═══ SOURCE MATERIAL ═══

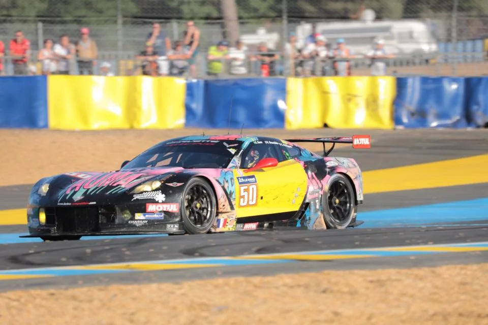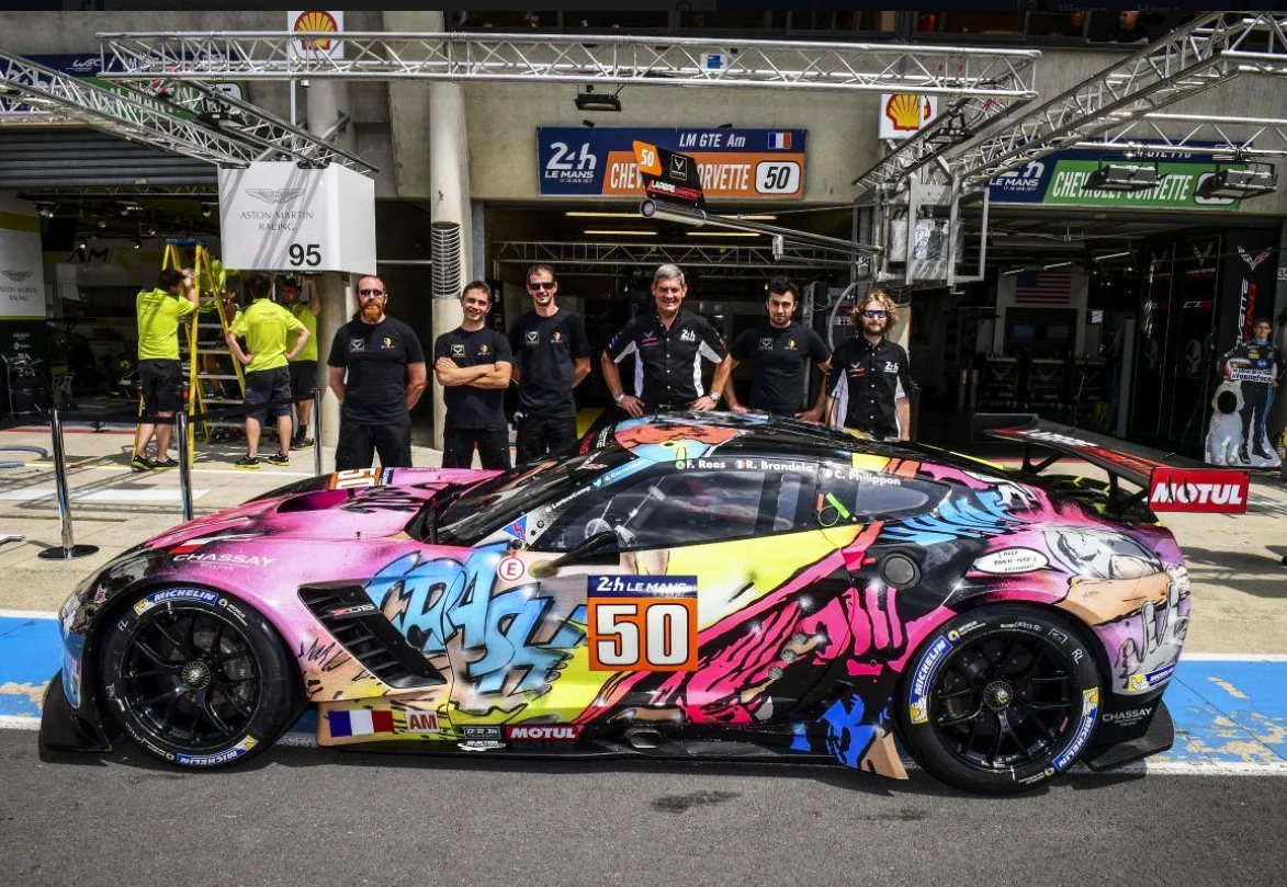 The # 50 Corvette showed up sporting day-glow “Human” artwork by Ramzi Adek. Failing to secure sponsorship for Le Mans (let alone the full WEC season), Jack LeConte made the most of it. His French Team Larbre surprisingly qualified first in the LMGTE AM class but finished last, deterred by contact with another car. (note right door was replaced). The venerable 5-year old chassis C7R 002 could be put out to pasture.
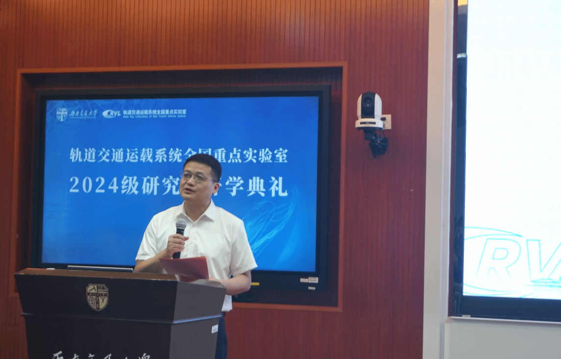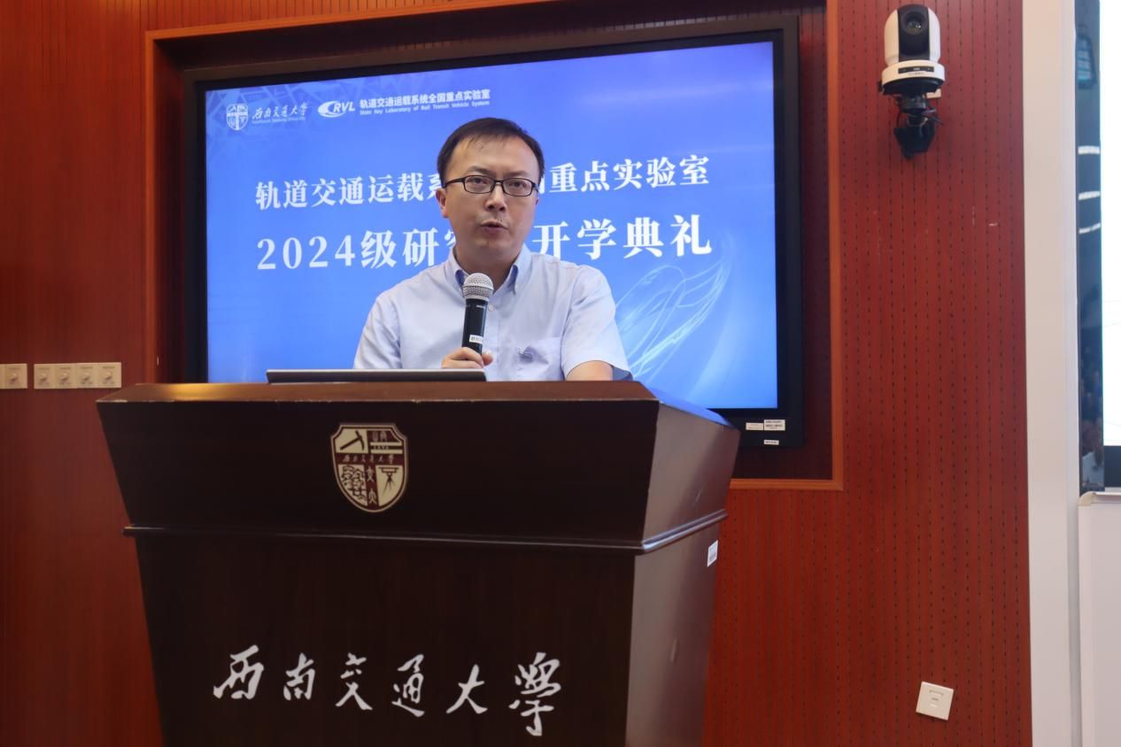 接着,实验室主任王开云介绍了实验室“应铁路而生、因铁路而兴、凭铁路而强”的数十年风雨历程,以时间为脉络梳理了实验室在学界、业界的影响和贡献。他希望2024级研究生能够秉承科学家精神,矢志不渝接续奋斗,继续为轨道交通行业的发展贡献力量。
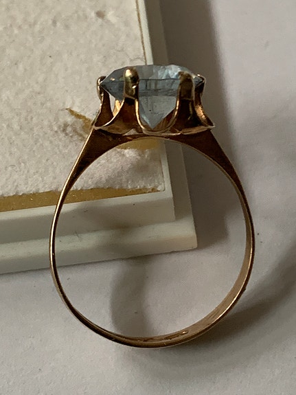 Upea valkokultasormus suurella akvamariinilla – elegantti statement-koru
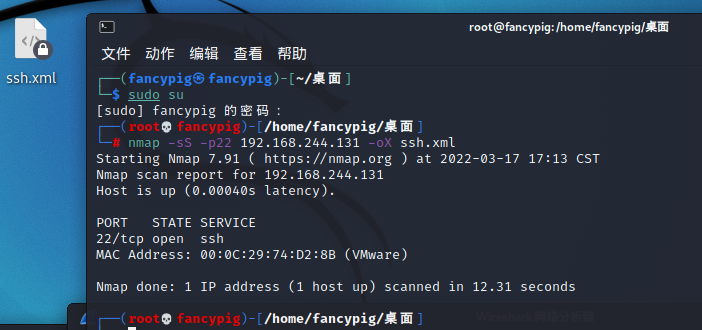 sudo nmap -sS -p22 192.168.244.131 -oX ssh.xml
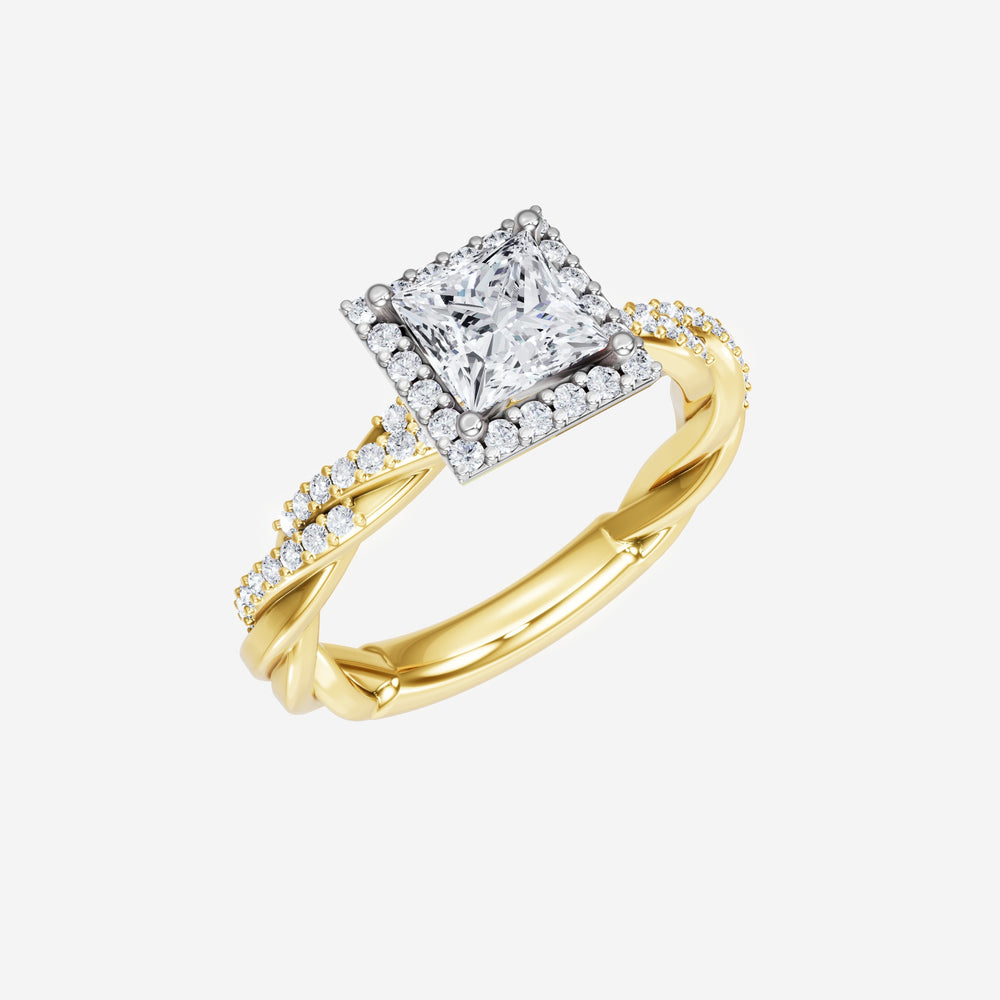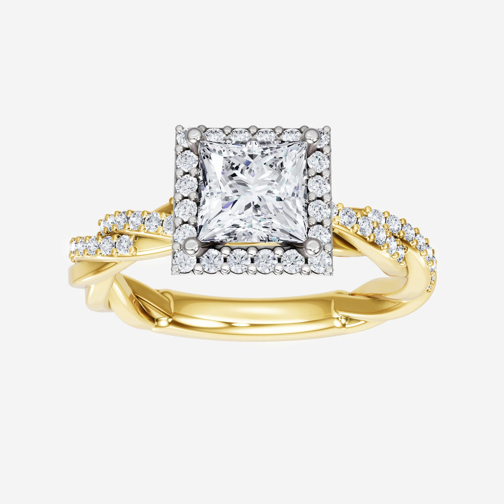 You’ve designed a ring that reflects lasting elegance and grace! Crafted from 18k Yellow White Dual Tone, this exquisite Princess lab-grown diamond is the centerpiece of this unique design. This Rope Diamond Shank with a Single Halo head showcases the brilliance of the Princess diamond, creating a timeless look. This ring will become a cherished reminder of life's most treasured moments.
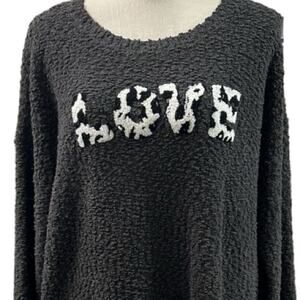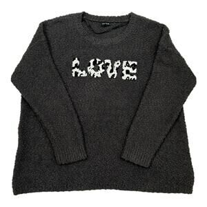 Torrid Love Sweater Womens 2X Gray Nubby Texture Embroidered Drop Shoulder Cozy
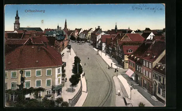 AK Offenburg, Strassenpartie aus der Vogelschau
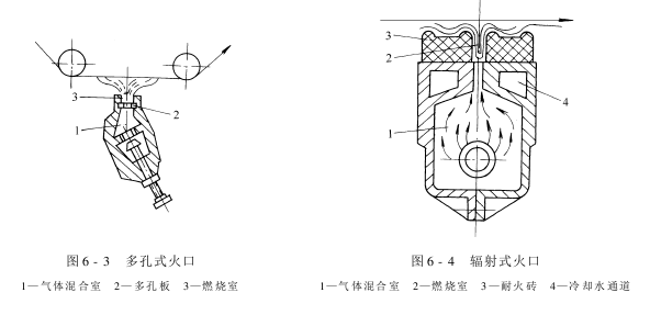 火口的种类很多,主要有有火焰式、辐射和火焰混合式、完全燃烧火焰式、无焰式等。有火焰式火口又有狭缝式和多孔式之分,其中,以狭缝式火口使用广泛。
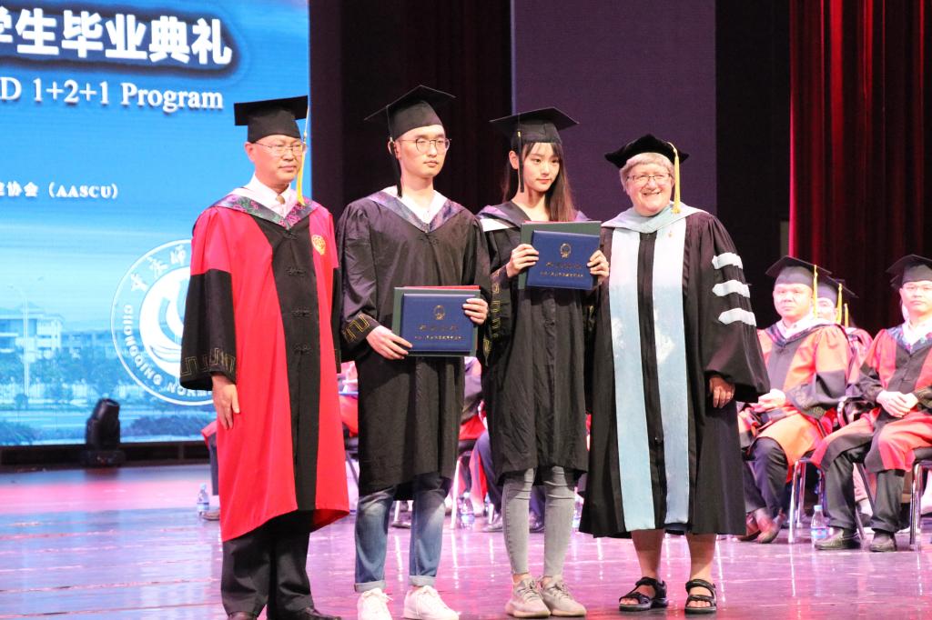 概况,近年来的发展战略、成就与在中美121项目上取得的成果,以及对各位毕业生寄予的殷切希望。中美双方各大学领导人向第十六届毕业生颁发毕业学位证书。美国北亚利桑那大学国际事务副校长林言成,中教国际教育交流中心121项目总监王颖博士主持了仪式。接下来,中教国际教育交流中心印凯主任宣布了关于表彰《中美人才培养计划》121项目2019年度优秀毕业生的决定。随后,印凯主任和美国特洛伊大学杰克·霍金斯校长向中美121项目2019年度优秀毕业生代表颁奖。颁奖结束后,中美121项目第十六届毕业生代表,世界杯决赛

═══

What are the lines from the one containing "Torrid Love Sweater" through the end of the records? Write them out exactly, leaving out the pictures.

-- EXPECTED ANSWER --
 Torrid Love Sweater Womens 2X Gray Nubby Texture Embroidered Drop Shoulder Cozy
 AK Offenburg, Strassenpartie aus der Vogelschau
 火口的种类很多,主要有有火焰式、辐射和火焰混合式、完全燃烧火焰式、无焰式等。有火焰式火口又有狭缝式和多孔式之分,其中,以狭缝式火口使用广泛。
 概况,近年来的发展战略、成就与在中美121项目上取得的成果,以及对各位毕业生寄予的殷切希望。中美双方各大学领导人向第十六届毕业生颁发毕业学位证书。美国北亚利桑那大学国际事务副校长林言成,中教国际教育交流中心121项目总监王颖博士主持了仪式。接下来,中教国际教育交流中心印凯主任宣布了关于表彰《中美人才培养计划》121项目2019年度优秀毕业生的决定。随后,印凯主任和美国特洛伊大学杰克·霍金斯校长向中美121项目2019年度优秀毕业生代表颁奖。颁奖结束后,中美121项目第十六届毕业生代表,世界杯决赛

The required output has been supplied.